What are the consequences if I am not paying my employees correctly?

November, 2014

By Clayton Payne

The Fair Work Act contains minimum employment terms and conditions, known as the National Employment Standards (NES). It also establishes a framework for the implementation and operation of industrial instruments such as Modern Awards and Enterprise Agreements, which can also underpin minimum employee entitlements.

What happens if an employer fails to recognise these minimum terms and conditions? What sort of recourse can an employee have, and what might be the ultimate cost to not only an employer company, but its directors?

In Scotto v.

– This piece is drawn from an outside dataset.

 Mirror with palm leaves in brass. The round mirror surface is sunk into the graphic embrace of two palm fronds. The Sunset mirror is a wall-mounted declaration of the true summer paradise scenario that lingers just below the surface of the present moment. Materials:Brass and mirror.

Scala Bros Limited and Another, an employee of a delicatessen/café claimed more than $1.5 million in unpaid wages, allowances and entitlements and superannuation guarantee contributions. The Applicant also alleged that a director of the employer company was liable as an accessory for the employer’s conduct, and as such was liable to compensate him for the underpayments, as well as various pecuniary penalties. Over the course of his employment, the Applicant also claimed that he was not provided with pay slips.

The Applicant worked in a family run business and claimed that the original owner of the employer company paid him cash in the hand, referring to it as “pocket money” and then recorded the balance in a book referred to as the “Red Book”.

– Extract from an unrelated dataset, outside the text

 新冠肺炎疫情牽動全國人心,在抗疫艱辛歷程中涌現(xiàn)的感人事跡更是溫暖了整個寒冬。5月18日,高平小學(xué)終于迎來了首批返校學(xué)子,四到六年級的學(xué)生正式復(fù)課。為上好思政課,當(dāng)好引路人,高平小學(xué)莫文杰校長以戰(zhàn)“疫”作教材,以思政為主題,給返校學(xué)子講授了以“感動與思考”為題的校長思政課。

In time, the owner of the business passed away and his daughter, the Second Respondent, took over its operation.

Although limitation periods precluded the Applicant from recovering the full amount claimed, Judge Cameron of the Federal Circuit Court found that the Applicant was entitled to substantial compensation representing unpaid wages and entitlements, and found that it and the Second Respondent, had contravened various workplace relations laws, in relation to which penalties are yet to be ordered.

Conclusion

This case demonstrates that not only can an employer company be held liable for the non-payment of wages and entitlements, but that company directors can also be held individually liable.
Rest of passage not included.